The panel study of helpline callers was of course potentially open to initial self selection bias, and to subsequent drop out and “desire to please” bias. Suppose for the sake of argument that almost 2000 people (48% of 4036) were motivated and helped to become more active through the advertisement and helpline. Even in the absence of any such effect on people who viewed the advert but did not call the helpline—and disregarding the important informing and agenda setting roles of the campaign—this would be a worthwhile outcome and indeed would represent good value for money. However, this amount of behavioural change would not be detectable even in a fairly substantial survey of the general population. In evaluation we therefore need to tap into “captive populations” (such as helpline callers) where they exist, and to manage potential bias through study design and analysis.

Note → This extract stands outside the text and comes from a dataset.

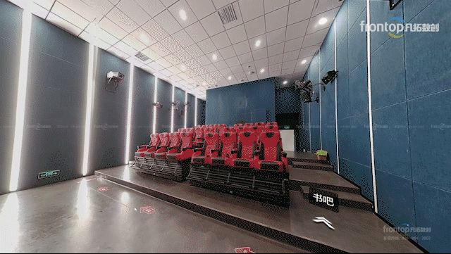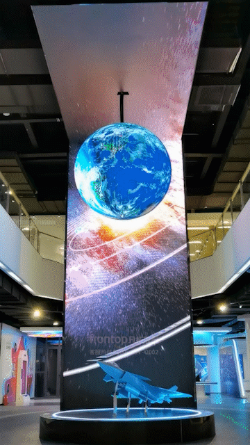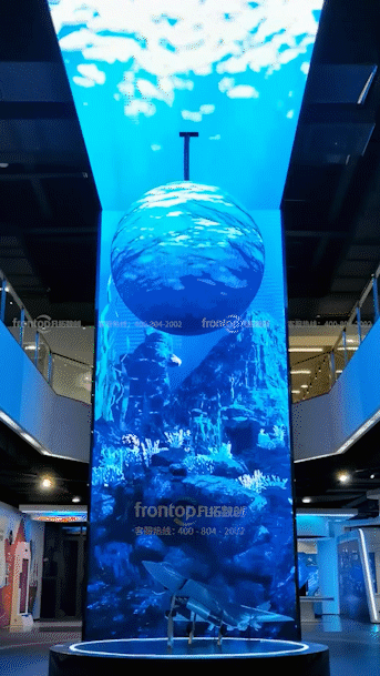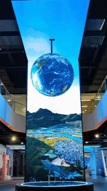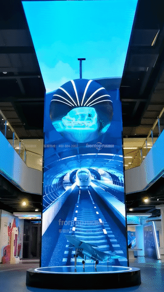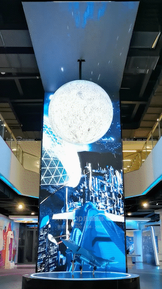 沿着战机直冲而上的是纵贯两层的LED巨幕和悬挂球幕,三者联动构成了“开眼看世界”剧场。

In any case, Gavin, with repeated showings, has undoubtedly caught the attention of the people of Scotland. Awareness of the advertisement in the adult general population runs consistently at around 90%, and I have referred to its centrality to people's awareness of HEBS. In 1997 Gavin was voted favourite advertisement in a readers' poll conducted by The Scottish Sun as part of the Scottish Advertising Awards. This is no mean feat, and its significance in evaluation terms should not be underestimated. It is evidence that health education advertising can have a wide appeal and become part of the fabric of the nation, more than holding its own with more expensive and less socially useful advertising.
The campaign and other health education efforts—in schools, through the workplace and health service, and in other settings—are of course but pieces in a jigsaw of factors affecting the nation's levels of activity. Policies and action in areas such as community safety, transport, pollution control, urban and rural planning, and access to facilities are needed to make it more appealing and more feasible for people to build physical activity into their everyday lives at all stages and ages.